Data records
___
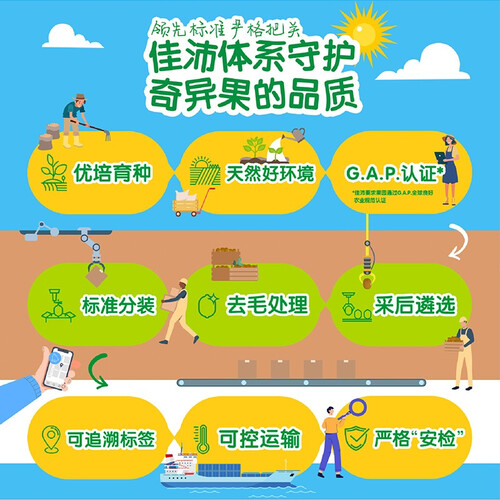 源自新西兰、意大利的奇异果,当地光照充足,土壤肥沃,孕育出优质果子。甄选好果,果体圆润饱满,入口酸甜多汁。
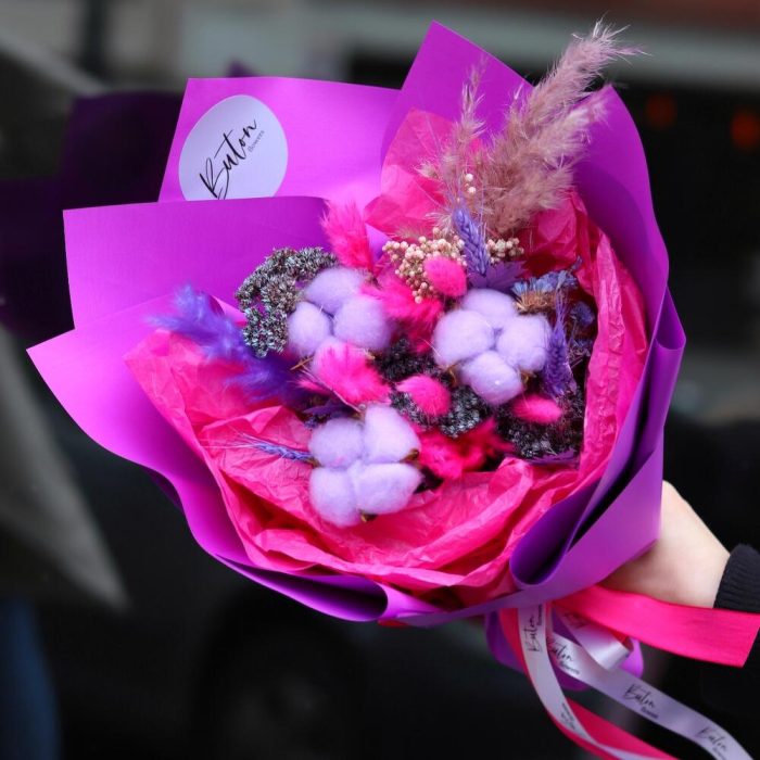 Авторский интерьерный букет из сухоцветов в фиолетовой гамме
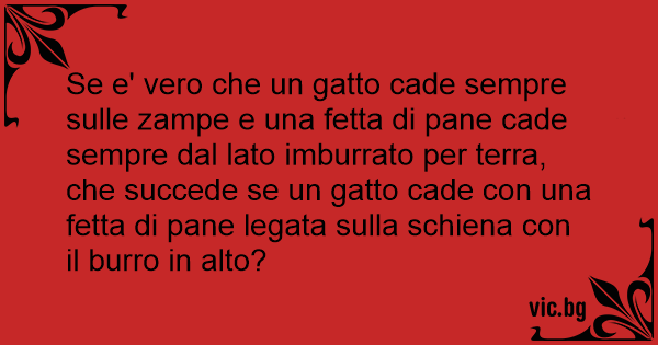 Se e' vero che un gatto cade sempre sulle zampe e una fetta di pane cade sempre dal lato imburrato per terra, che succede se un gatto cade соn una fetta di pane legata sulla schiena соn il вurrо in alto?
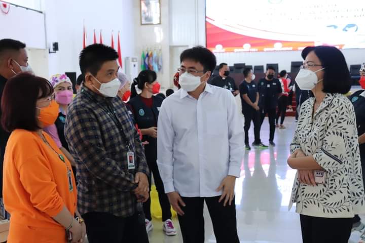 Usai memberikan sambutan, Walikota Manado membuka secara resmi pelaksanaan Vaksinasi dan selanjutnya mengunjungi beberapa tempat pelaksanaan Vaksinasi di kompleks Auditorium.
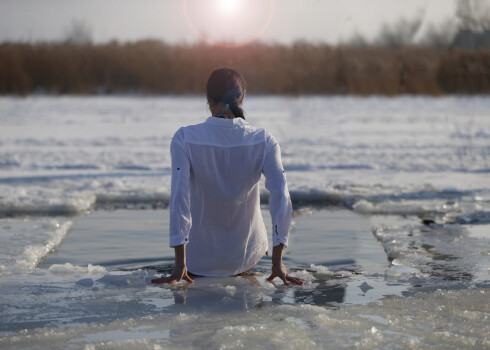 ФОТО: несмотря на суровый мороз, в Даугавпилсе верующие смело окунались в ледяную воду
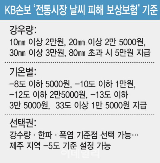 15일 보험업계에 따르면 KB손해보험은 내달 ‘전통시장 날씨 피해 보상보험’을 단체보험상품으로 선보인다. 이 상품은 강우량, 폭염, 최저·최고 기온 등을 바탕으로 기후 지수를 정해 보험금을 지급한다. 피해가 발생하면 보험금 신청 후 3~5일내로 받을 수 있다. 풍수해보험은 보험금 지급까지 평균 2주가 걸려 이를 고려하면 지급시간을 대폭 줄였다.
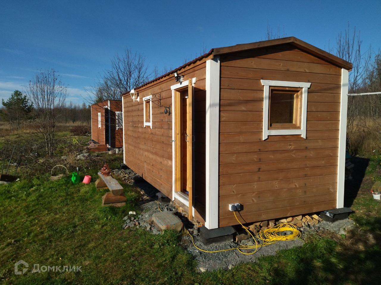 Во втором домике также располагаются коридор, кухня - комната. Два спальных места.
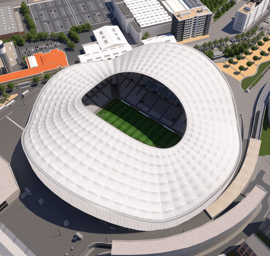 Olympique Marseille speelt in het Stade Vélodrome. Dat is een ruimteschip van boven bekeken:
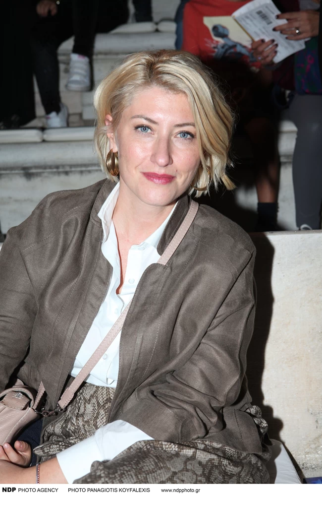 Η Σία Κοσιώνη έκανε μια εντυπωσιακή εμφάνιση σε γήινους τόνους με snakes skin παντελόνα, λευκό πουκάμισο και λεπτό πανωφόρι στο χρώμα της άμμου.
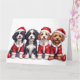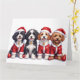 Adorable and goofy Bernedoodles, combining the Bernese Mountain Dog and Poodle, look cozy and festive in their Christmas Santa outfits! A popular design perfect for Doodle lovers.
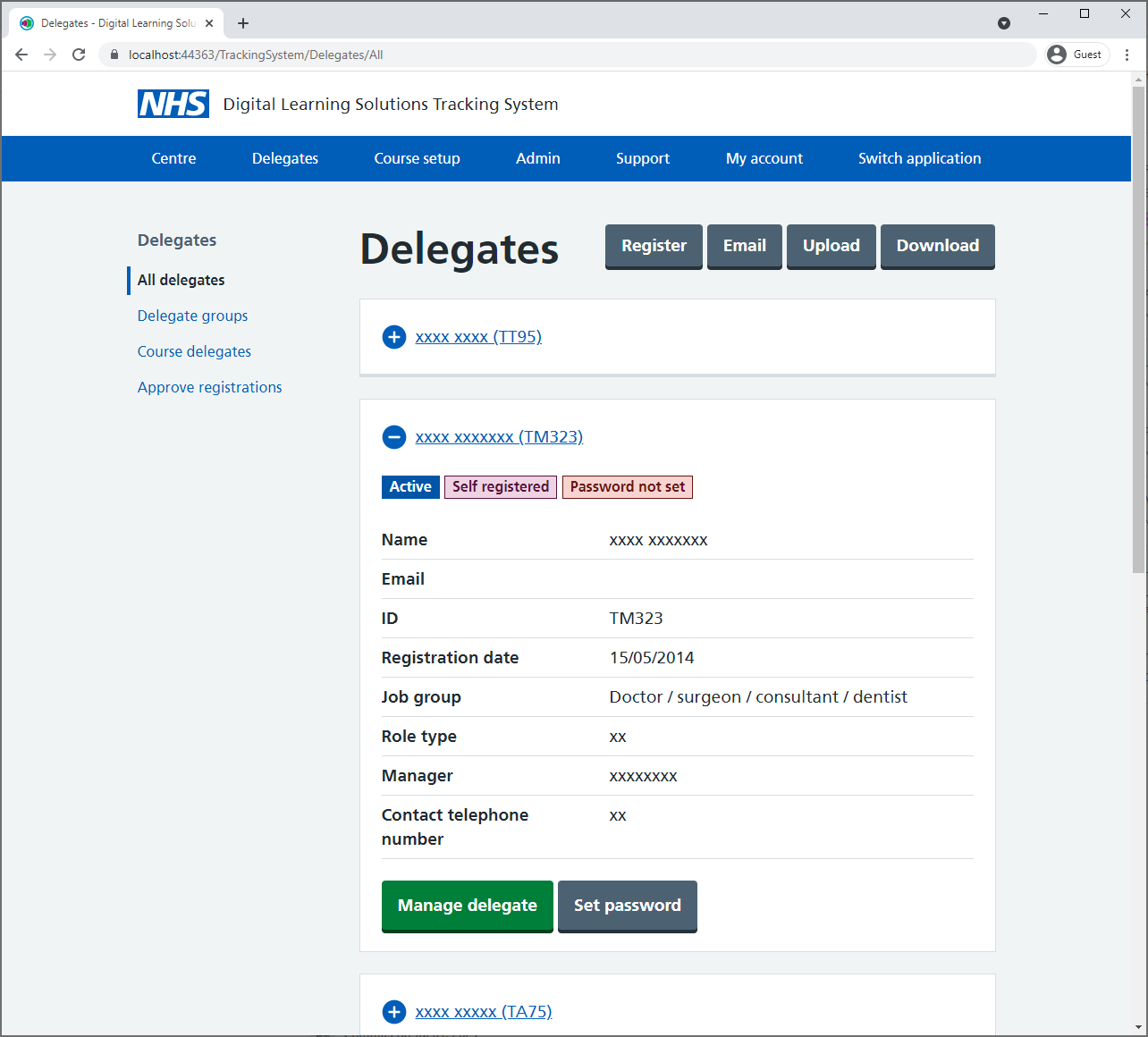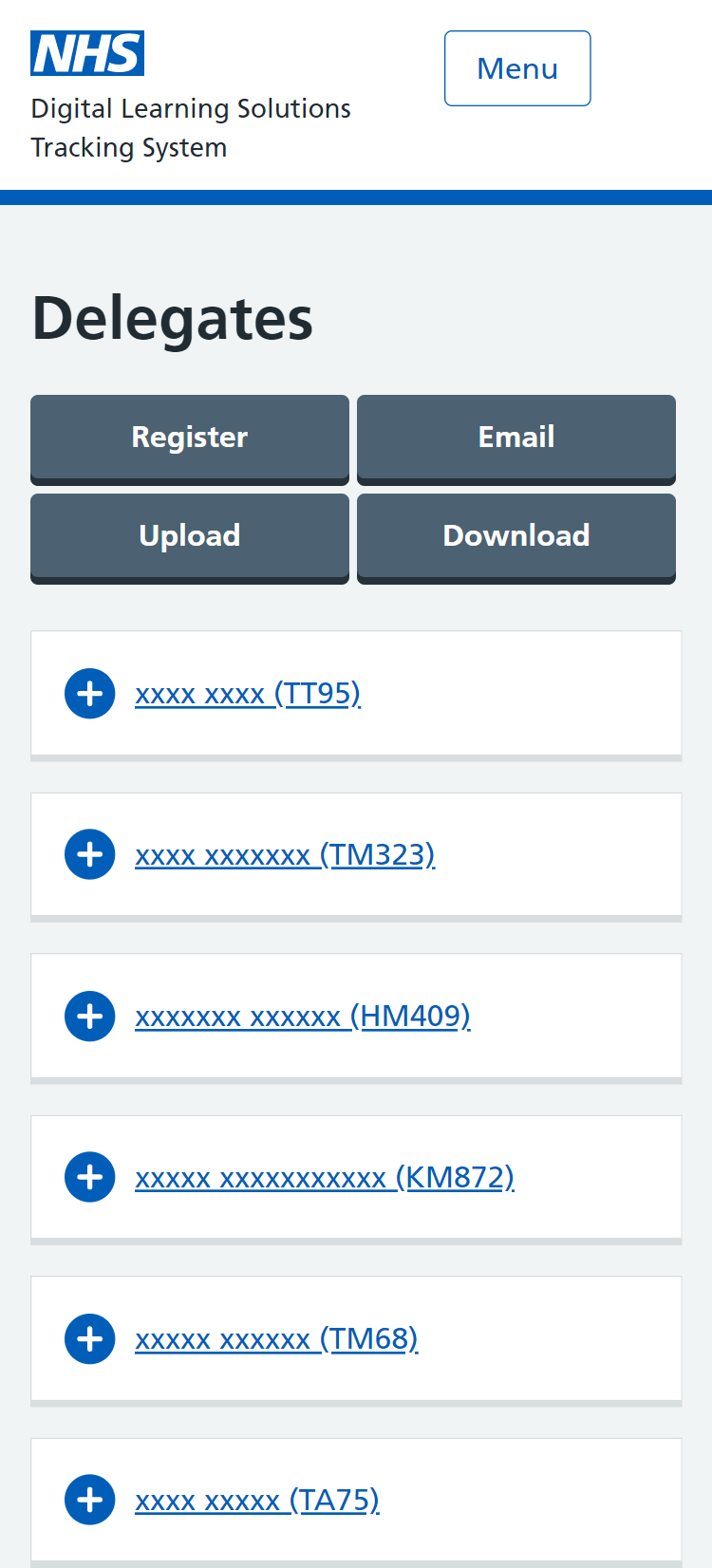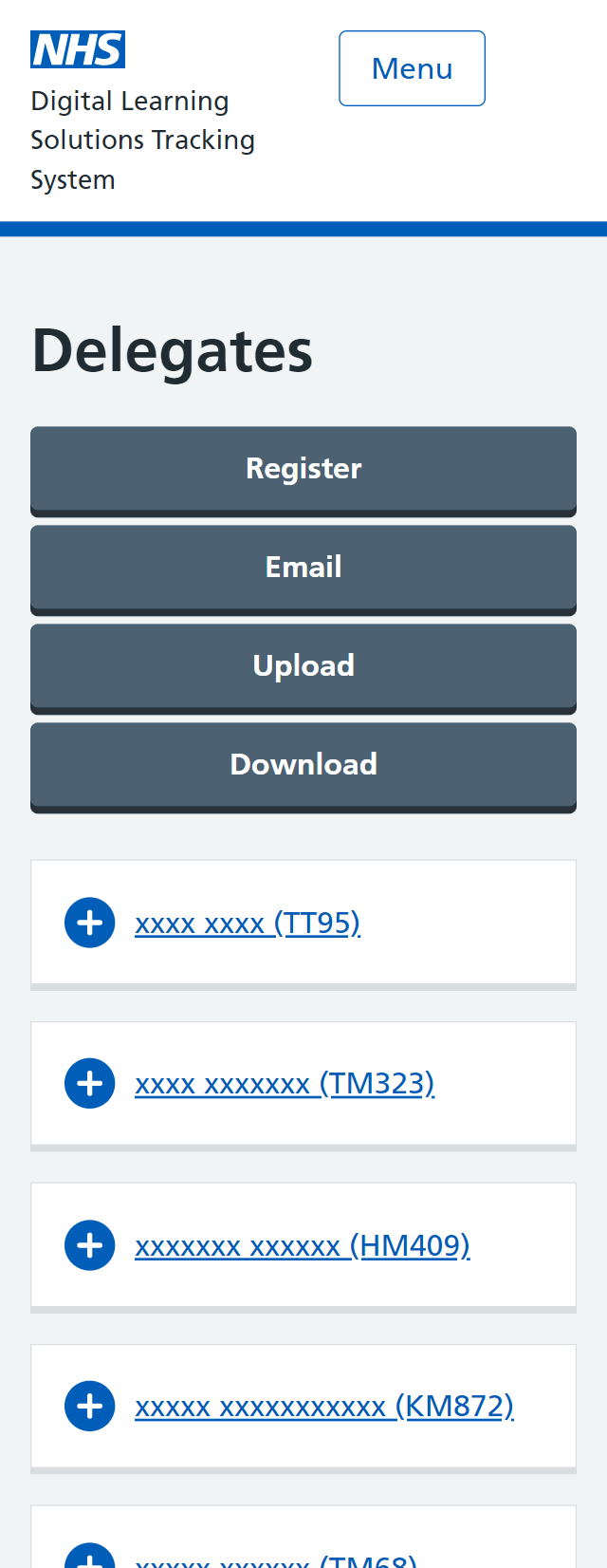 /TrackingSystem/Delegates/All, visible only to centre admins, to display delegate info cards. Currently displays first ten delegates only. Buttons don't do anything.Button group on mobile screen sizes:
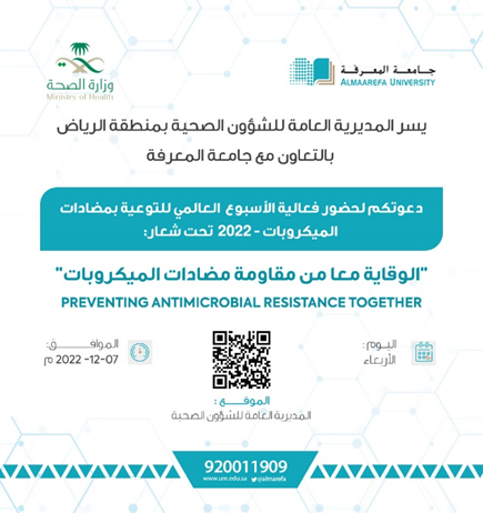 AlMaarefa University is organizing, in cooperation with the Ministry of Health, an event: “Together prevention of antimicrobial resistance”, on the occasion of #الأسبوع_العالمي_لمضادات_الميكروبات , 2022
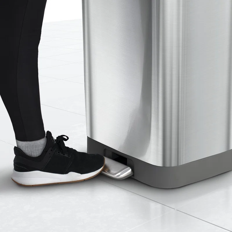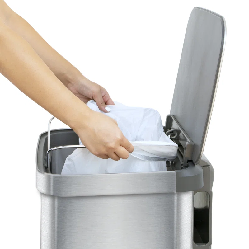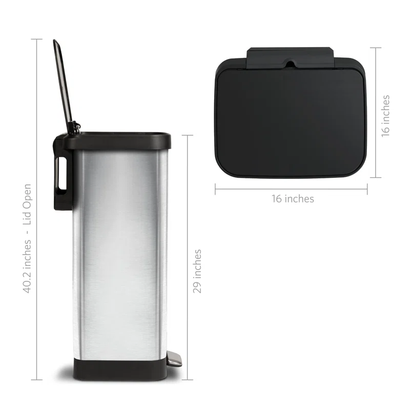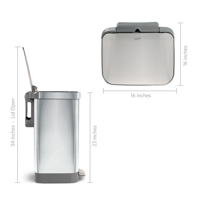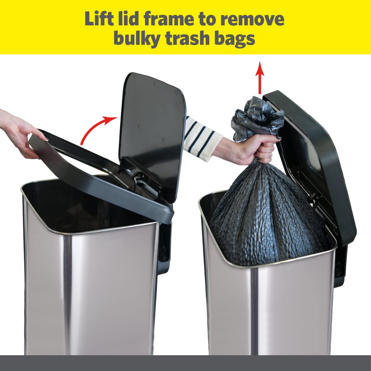 Glad GLD-74525 13 Gal. ALL Stainless Steel Step-On Large Metal Kitchen Trash Can w/Clorox Odor Protection and Soft-Closing Lid
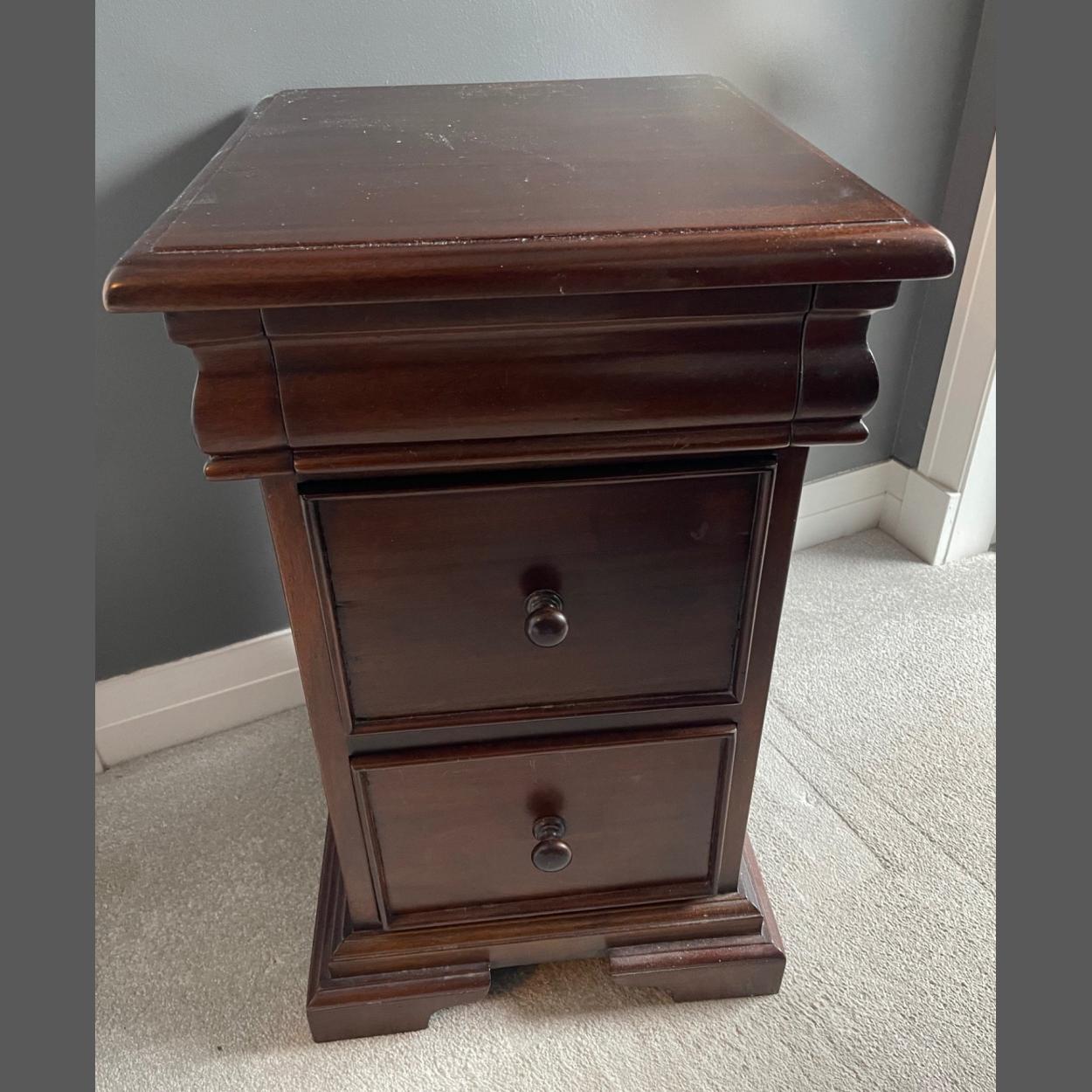 A quality rosewood effect bedside cabinet with a discreet drawer and 2 further drawers W40 x D45cm approx
___
Exercise: For each record, return its text exactly and leave any picture out.

Written reply:
 源自新西兰、意大利的奇异果,当地光照充足,土壤肥沃,孕育出优质果子。甄选好果,果体圆润饱满,入口酸甜多汁。
 Авторский интерьерный букет из сухоцветов в фиолетовой гамме
 Se e' vero che un gatto cade sempre sulle zampe e una fetta di pane cade sempre dal lato imburrato per terra, che succede se un gatto cade соn una fetta di pane legata sulla schiena соn il вurrо in alto?
 Usai memberikan sambutan, Walikota Manado membuka secara resmi pelaksanaan Vaksinasi dan selanjutnya mengunjungi beberapa tempat pelaksanaan Vaksinasi di kompleks Auditorium.
 ФОТО: несмотря на суровый мороз, в Даугавпилсе верующие смело окунались в ледяную воду
 15일 보험업계에 따르면 KB손해보험은 내달 ‘전통시장 날씨 피해 보상보험’을 단체보험상품으로 선보인다. 이 상품은 강우량, 폭염, 최저·최고 기온 등을 바탕으로 기후 지수를 정해 보험금을 지급한다. 피해가 발생하면 보험금 신청 후 3~5일내로 받을 수 있다. 풍수해보험은 보험금 지급까지 평균 2주가 걸려 이를 고려하면 지급시간을 대폭 줄였다.
 Во втором домике также располагаются коридор, кухня - комната. Два спальных места.
 Olympique Marseille speelt in het Stade Vélodrome. Dat is een ruimteschip van boven bekeken:
 Η Σία Κοσιώνη έκανε μια εντυπωσιακή εμφάνιση σε γήινους τόνους με snakes skin παντελόνα, λευκό πουκάμισο και λεπτό πανωφόρι στο χρώμα της άμμου.
 Adorable and goofy Bernedoodles, combining the Bernese Mountain Dog and Poodle, look cozy and festive in their Christmas Santa outfits! A popular design perfect for Doodle lovers.
 /TrackingSystem/Delegates/All, visible only to centre admins, to display delegate info cards. Currently displays first ten delegates only. Buttons don't do anything.Button group on mobile screen sizes:
 AlMaarefa University is organizing, in cooperation with the Ministry of Health, an event: “Together prevention of antimicrobial resistance”, on the occasion of #الأسبوع_العالمي_لمضادات_الميكروبات , 2022
 Glad GLD-74525 13 Gal. ALL Stainless Steel Step-On Large Metal Kitchen Trash Can w/Clorox Odor Protection and Soft-Closing Lid
 A quality rosewood effect bedside cabinet with a discreet drawer and 2 further drawers W40 x D45cm approx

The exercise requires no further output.